Cetero posts $3.1m net loss as FDA rework drags on earnings
Redoing work to ease US Food and Drug Administration (FDA) fears about data integrity cost the CRO (contract research organisation) $890,000 from March 26 to April 30 and contributed to it posting a net loss.
The net loss before reorganisation expenses totalled $2.7m but costs, mainly professional fees, tied to the ongoing bankruptcy case added a further $360,000 to outgoings at the US-based CRO in April.
Although these extraordinary costs dragged on earnings the sales figures are a little more positive. In the five-week period covered by the financials Cetero posted a gross profit of $2.2m on net sales of $7.6m.
No prior year figures are given but when Cetero filed for bankruptcy in March its filings showed sales over the first two months of the year totalled $11m, suggesting revenues have grown sequentially.

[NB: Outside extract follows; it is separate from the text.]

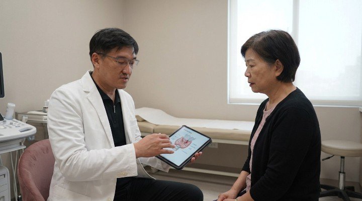 醫師在診間詳細解說影響甲亢停藥的四大因素 診所提供專業環境進行甲亢停藥前的指標諮詢 透過抽血數據與超音波精密判斷甲亢停藥時機 甲亢患者與醫師討論治療計畫的診間場景

Performance is uneven across the different operating units that make up Cetero though. The $2.2m gross profit posted by the CRO is underpinned by two units – PRACS Institute and Gateway Medical Research.
Combined, these units posted a gross profit of $2.6m and accounted for 60 per cent of net sales at the CRO. However, other units, notably the Allied Research facility in Ontario, Canada and Diabetes and Glandular Research Associates, struggled and dragged the gross profit down by $660,000.
Most of the the units had profits chipped away at by FDA rework costs but PRACS and BA Research International LP were hit hardest. PRACS is the North Dakota-based clinical research facility Cetero bought in 2006 while BA is the Texas-based bioanalytical laboratory the CRO acquired later that year.
It was a FDA inspection of the BA laboratory in Houston in 2010 that started the series of events that led to the Cetero bankruptcy filing in March. FDA inspectors visiting the facility accused Cetero staff of “widespread falsification of dates and times in laboratory records” and sent an untitled letter.